Anyway, it meant that just my son in law and myself to carry on with the build. With me giving the instructions and him doing all the work, we soon had all the frame squared up, and all the corner braces in. Then everything was given a good tightening up. I had made the braces up myself, during the idle time we were off the job during the week. The mill came in very handy for drilling all the deep holes and putting in recesses for the bolt heads using a forstner bit.

After our bacon butty lunch, without having to be asked, Stew came around to assist, and with the extra help, we managed to get the plastic fascia on and the basic guttering system installed, then a bit more painting by the son in law got everything ready for fitting the roof tomorrow, if the weather holds.

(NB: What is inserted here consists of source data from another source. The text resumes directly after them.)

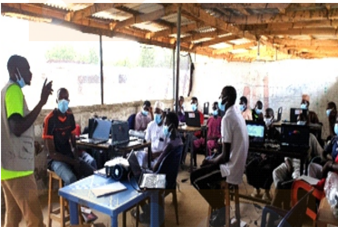
Male participants receiving training on the functions of the computer mouse during a digital training.
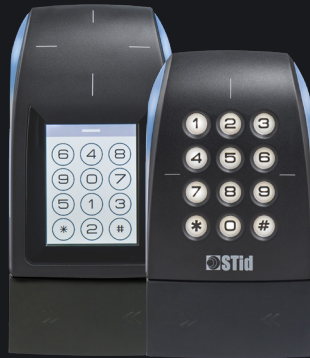
Available in touchscreen and keypad versions
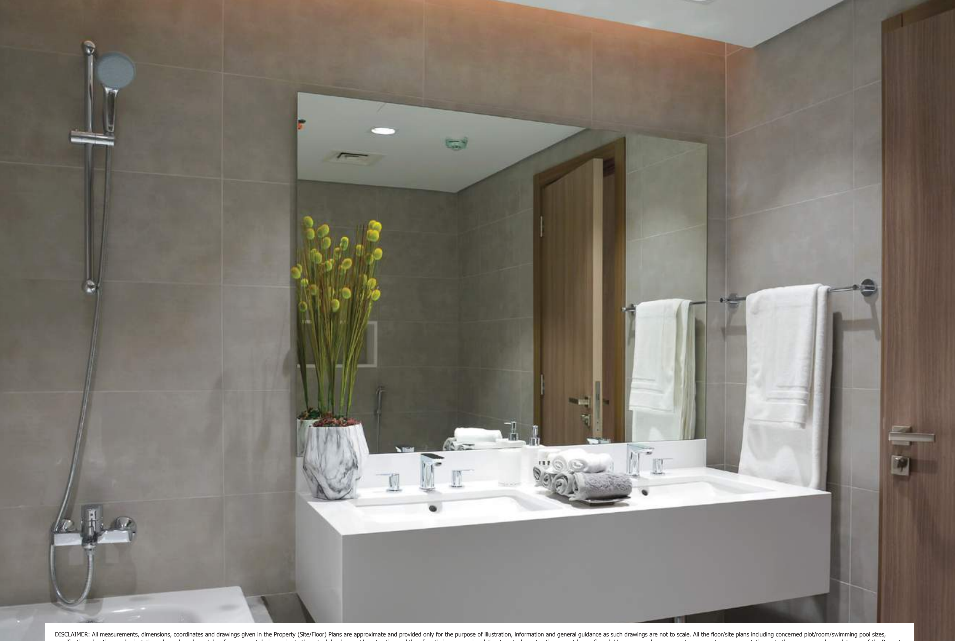
DISCLAIMER: All measurements, dimensions, coordinates and drawings given in the Property (Site/Floor) Plans are approximate and provided only for the purpose of illustration, information and general guidance as such drawings are not to scale. All the floor/site plans including concerned plot/room/swimming pool sizes, specifications, locations and orientations shown have been taken from concept designs prior to the accuracy and completeness of the Property (Site/Floor) plan information as changes may be made during the development process, without notice. Always refer to latest IFC design available in the sales office for the most accurate representation of all construction details.
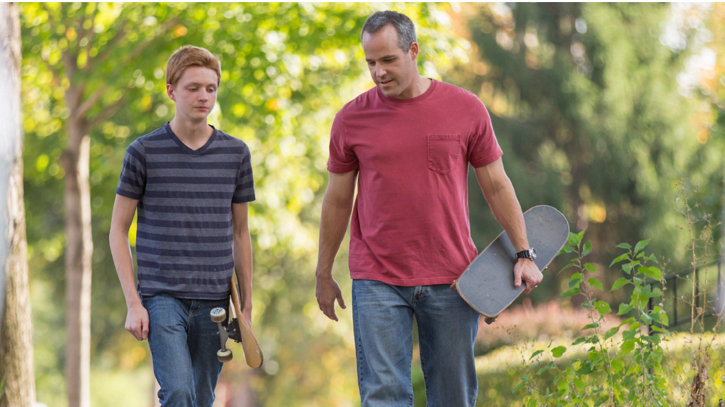
Stock photos used

Live Vape Free SM is a teen and adult solution to help solve the vaping epidemic. The program is grounded in more than 35 years of physical, psychological and behavioral health science from Optum, a leading health services and innovation company dedicated to helping make the health system work better for everyone.
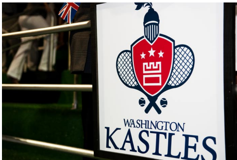
Kastle Systems security company is the namesake sponsor for the team.
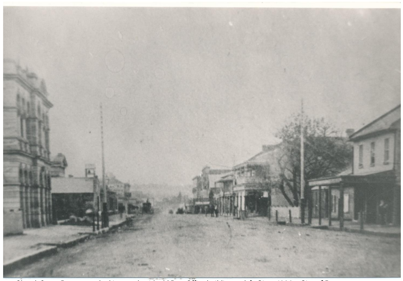
Church Street Parramatta looking north with old Post Office building on left. Circa 1880s.

Prepared by Research and Collection Services, City of Parramatta Council Transcriptions by DigiVol online volunteers 2022
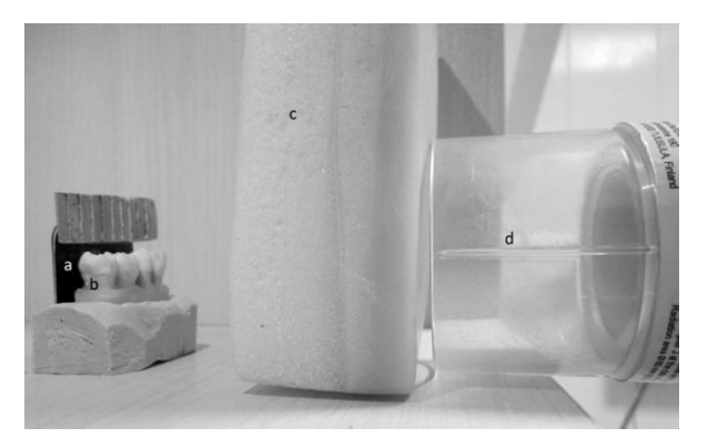
Figure 1a: Photostimulable phosphor plate, b: Mounted teeth, c: Soft tissue simulator, d: Radiography tube

Fifty-two extracted human teeth were evaluated, out of which, 26 were premolars and 26 were molars. The teeth were either intact or had non-cavitated approximal caries. Cavitated and restored teeth were not included. All samples were obtained from dental centers in which the teeth were extracted due to specific reasons rather than current study objectives.
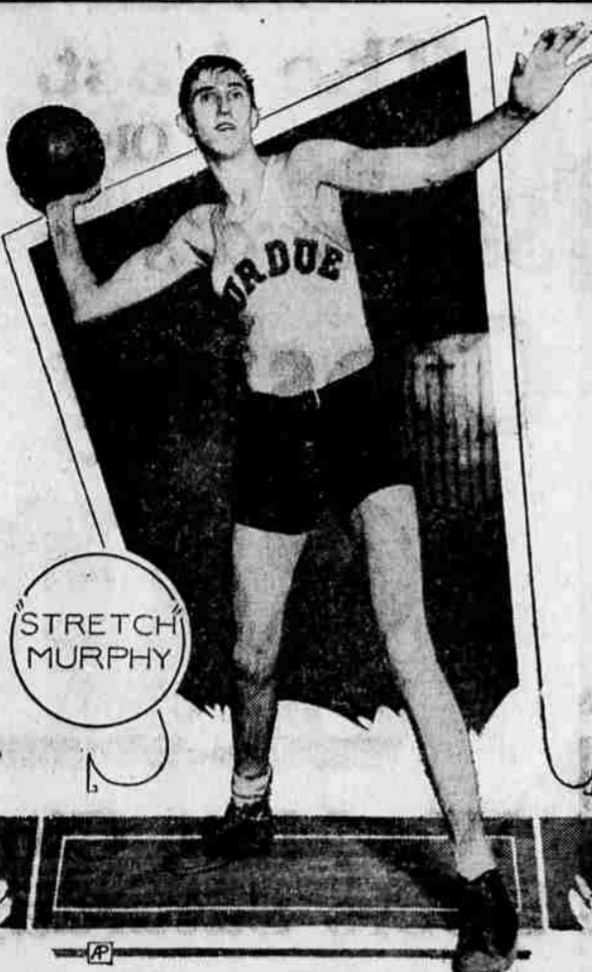
This six-foot, six-inch center, who was the Big Ten's high scorer last year, is the main reason Purdue is favored in the coming western conference campaign.

I did try to help a bit myself, but I just got in the way, moaning and groaning, so I left them both to it, and what a great job they did.







I consider myself very lucky to have friends that will help out when you get into a sticky situation. Without them, this job would never have got off the ground.


Bogs


----------



## Blogwitch

Latest update of about 20 minutes ago, and after nearly choking myself on a line full of washing, I managed to get a shot of the first two roof panels on.

Stepping from bright sunshine (a rare occurrence in the UK) to underneath the protective roofing material seemed like an instant drop of about 10 degs F. 






Major problems though, none of our arms are long enough to fit the 'Black Jack' flashing against the wall and roofing. Looks like we need the help of a strong adult person that weighs less than 25lbs.

Bogs


----------



## Blogwitch

I thought this job would only take about a week at most, but things dragged on a bit.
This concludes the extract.